Daily Mail (London), Nov. 19, 2010

They fly helicopter missions, deploy tactical strike teams and gather field intelligence, but the battles they fight aren’t in the Middle East, they’re in America.

The Texas Department of Public Safety is engaged in an undeclared war with Mexican drug cartels, running militaristic operations day and night.

‘I never thought that we’d be in this paramilitary type of engagement,’ Captain Stacy Holland told Fox News of her work with the DPS. ‘It’s a war on the border.’

In recent years, the drug cartels have adopted increasingly terrorist-like behaviour.

The DPS is now flying missions in 16 state-of-the-art helicopters as they battle the Mexican gangs.

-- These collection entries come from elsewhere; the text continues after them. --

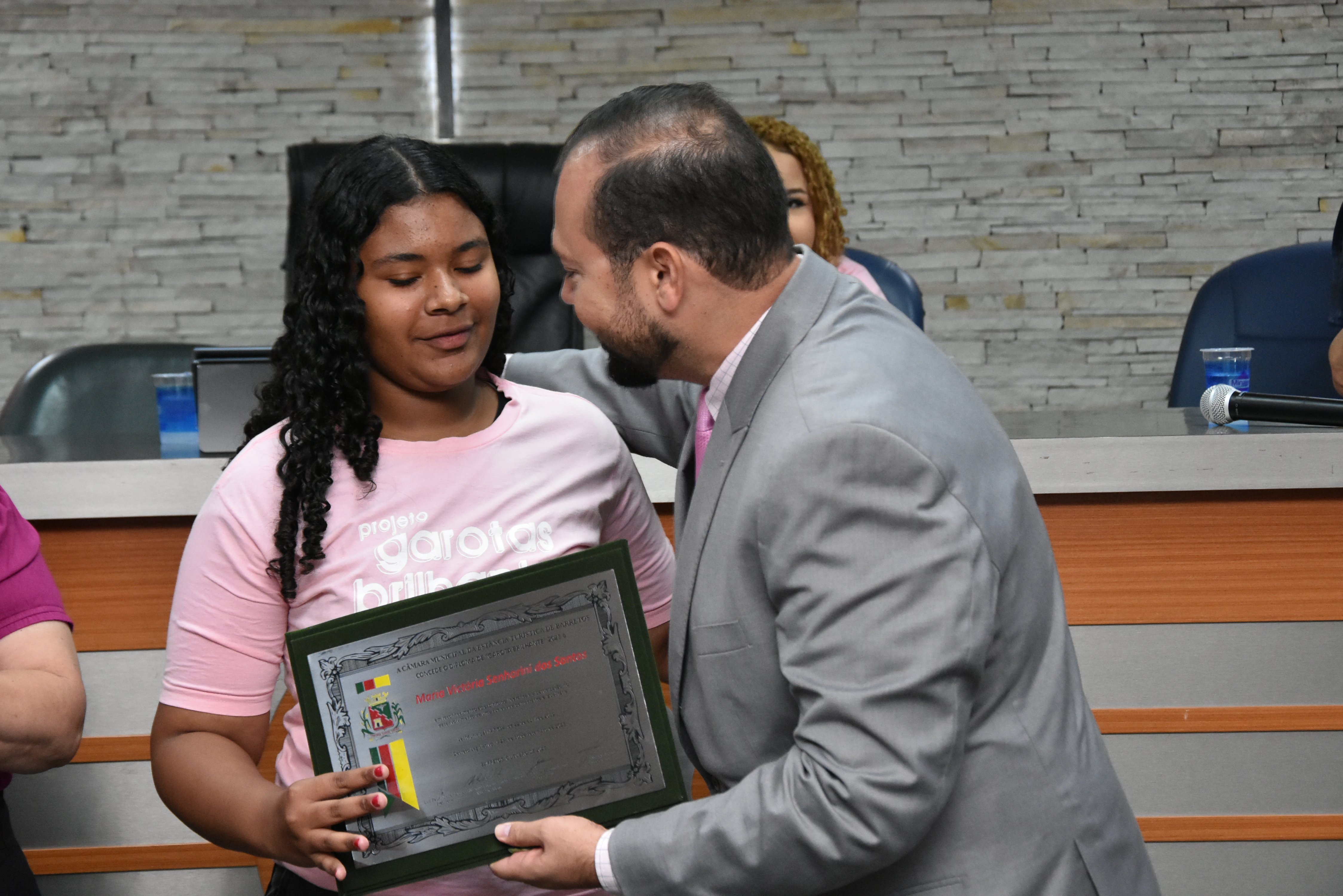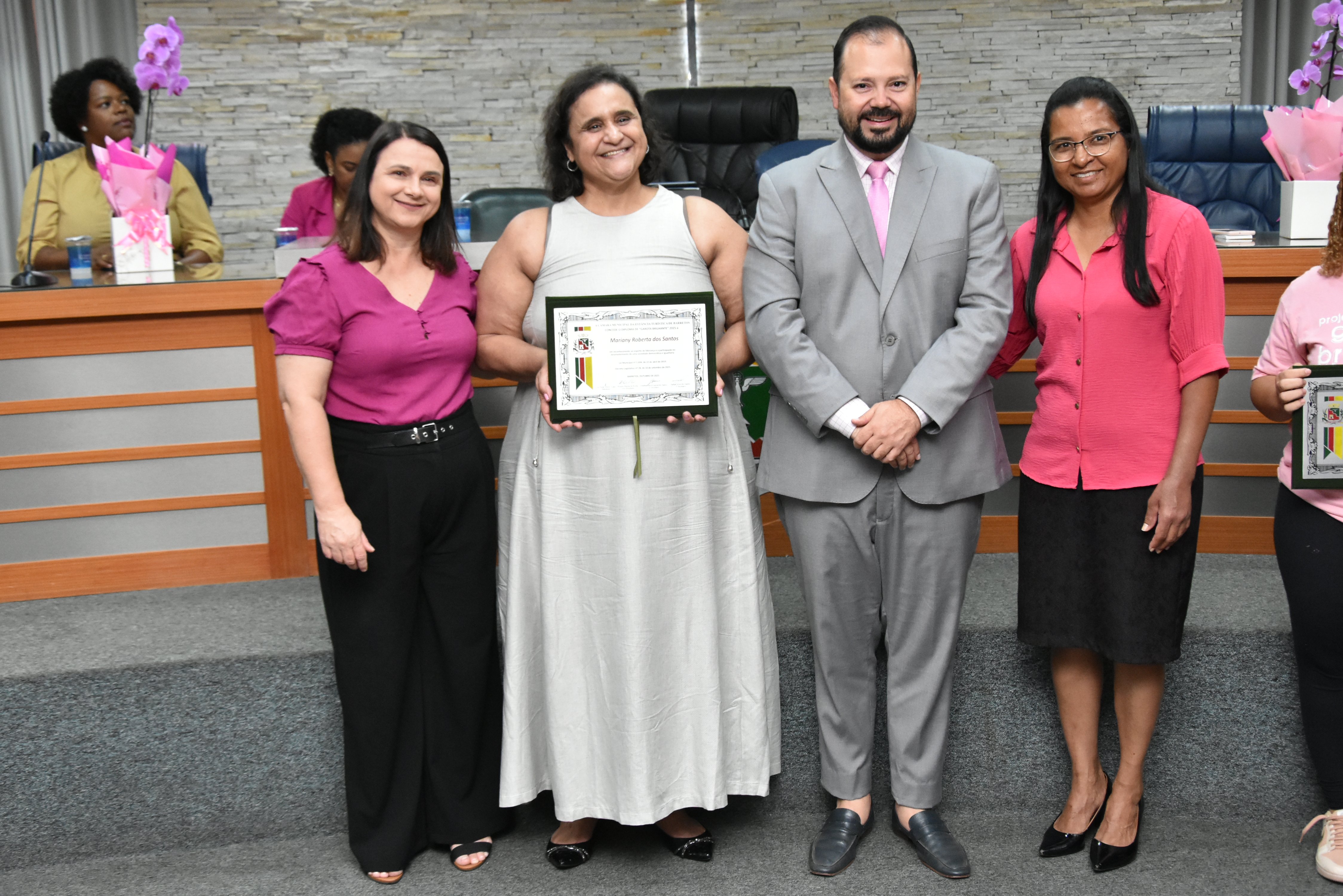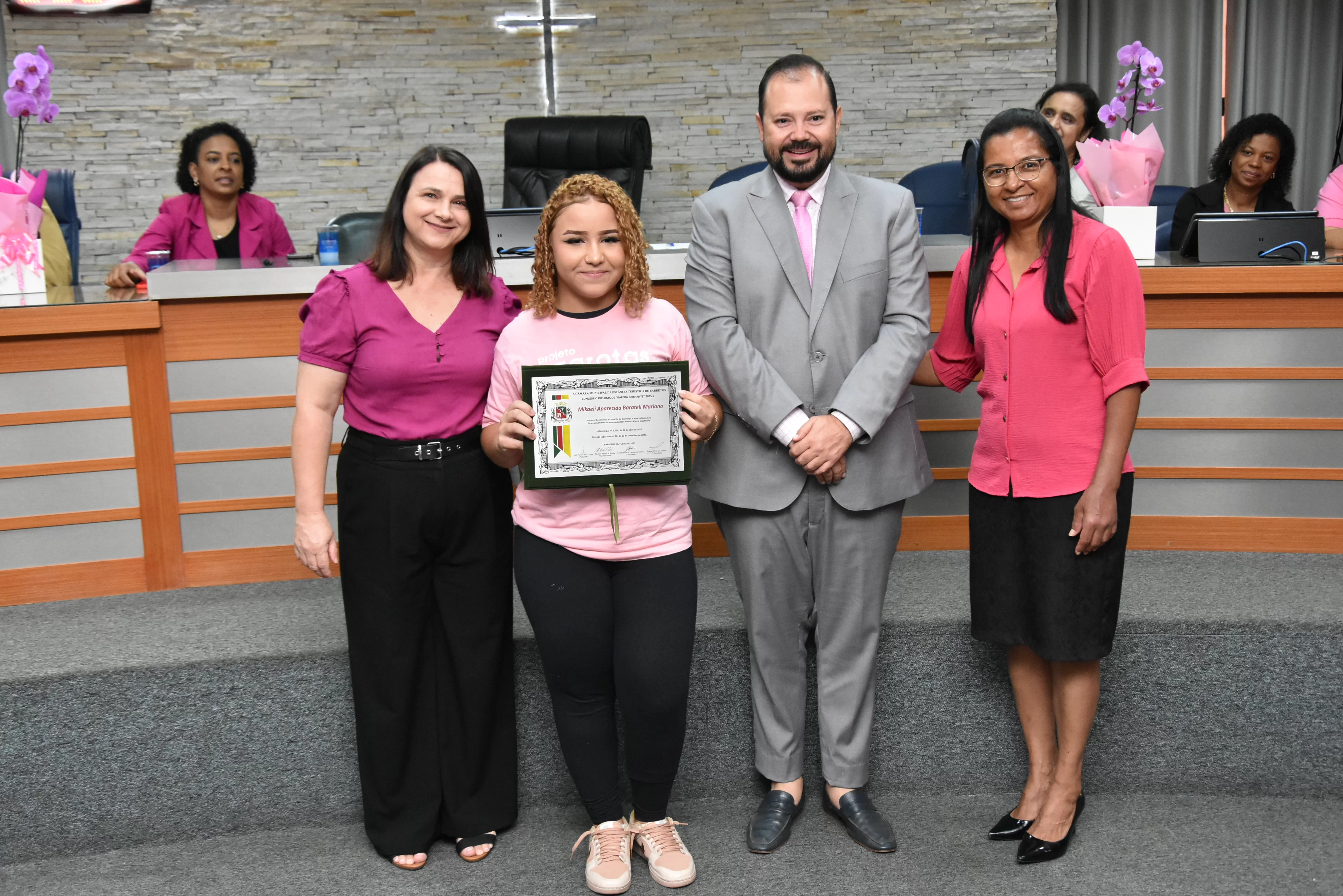 A solenidade foi conduzida pelo 2º Secretario da Câmara, Vereador Itamar Alves dos Santos (PSD) e contou ainda com presença do vereador Marcos Mariano (UNIÃO); da Coordenadora do CAAF -Centro Adventista de Apoio à Família de Barretos, Adriana Gonçalves Ferreira; da Assistente Social do Projeto Garotas Brilhantes, Pâmela Camargo; da Coordenadora Regional da ADRA - Agência Adventista de Desenvolvimento e Recursos Assistenciais, Estela Maris Miller Reis; da Diretora da Escola Estadual Mario Vieira Marcondes (local onde funciona o projeto Garotas Brilhantes); Marta Regina Rocha, Secretária Municipal de Assistência Social e Desenvolvimento Humano, Juliana Adão.
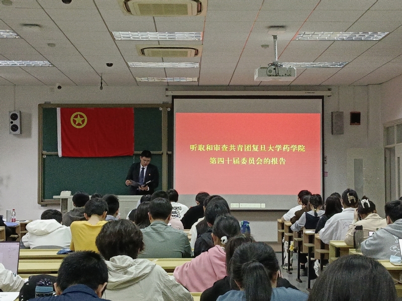 王翰麒代表共青团h漫 第四十届委员会向大会作题为《紧跟党走,牢记嘱托,团结带领药学青年人在新时代书写实干篇章》的工作报告。报告从团学团建、校园文化、学术科研、志愿服务等角度向全体与会代表介绍上一届团委工作情况,同时剖析了不足,最后他勉励广大团员青年以专业所长回应国家需求和社会需求,努力成长为堪当民族复兴重任的时代新人。
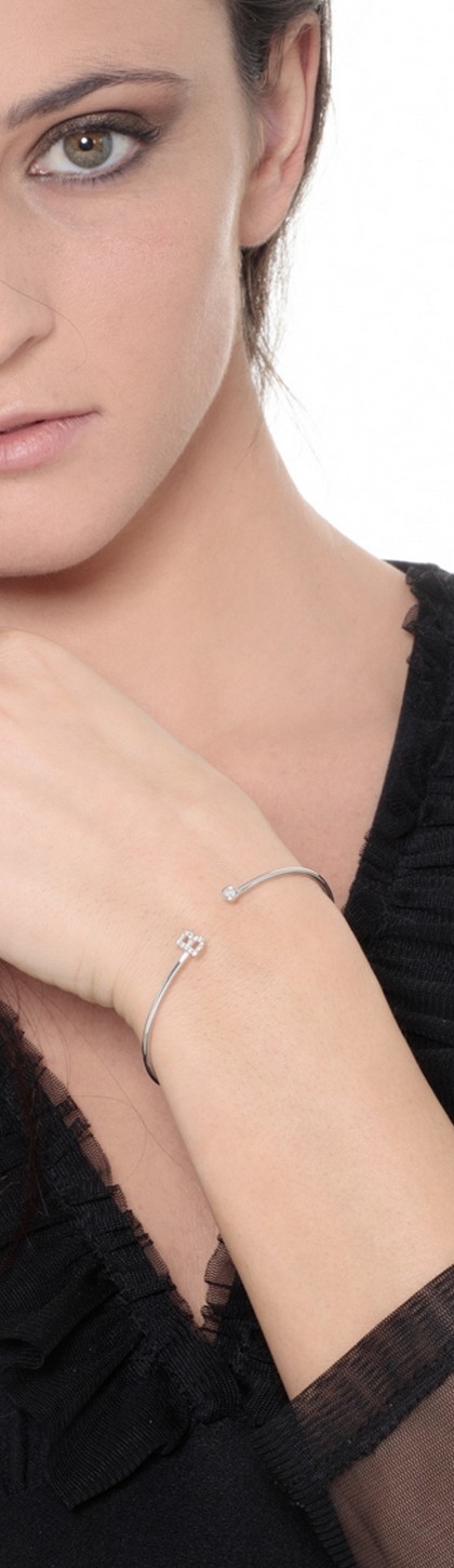 Bracciale rigido in oro bianco 18k con lettera B in diamanti
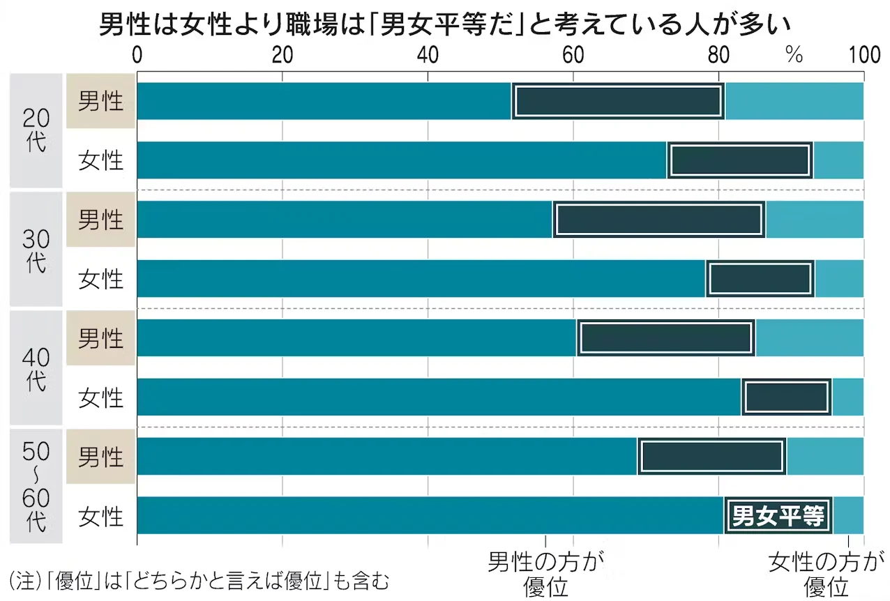 また、「職場において男性と女性のどちらが優位だと思うか」という調査では、女性が「女性が優位」と回答する割合は年代を問わず少ないことがわかりました。これに対して、男性は年代を問わず女性よりも「職場は男女平等だ」と考えている人が多かったのです。この認識の男女差は15〜20%もあります。
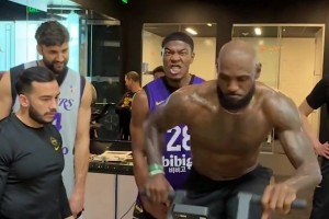 下一篇: 腹斜肌拉伤的里夫斯,在今天湖人队训练后进行三分球练习

The gang members are armed with powerful AK-47s, are dressed in camouflage and they recruit ex-prisoners from America to do their dirty work.

They employ spotters to hide by the Rio Grande and alert to U.S. officials patrolling the border.

The cartels have executed more than 10,000 people since January, including American citizens, holiday-makers and innocent bystanders.

According to Texas DPS Director Steven McCraw, Mexican drug cartels move about $25billion from their US drug sales back into Mexico in a single year.

But, law enforcement have confiscated just $130million in illegal drug proceeds during the last four years,

‘It certainly is a war in a sense that we’re doing what we can to protect Texans and the rest of the nation from clearly a threat that has emerged over the last several years,’ said McCraw, who runs the undeclared war.

The Texas forces must constantly adapt new strategies, as the cartels try new tricks.

‘Recently they’ve adapted their tactics to utilize smaller loads, cross with rafts, stolen vehicles on our side,’ McGraw told Fox News.

‘To suggest the southwest border is secure is ridiculous,’ Holland said.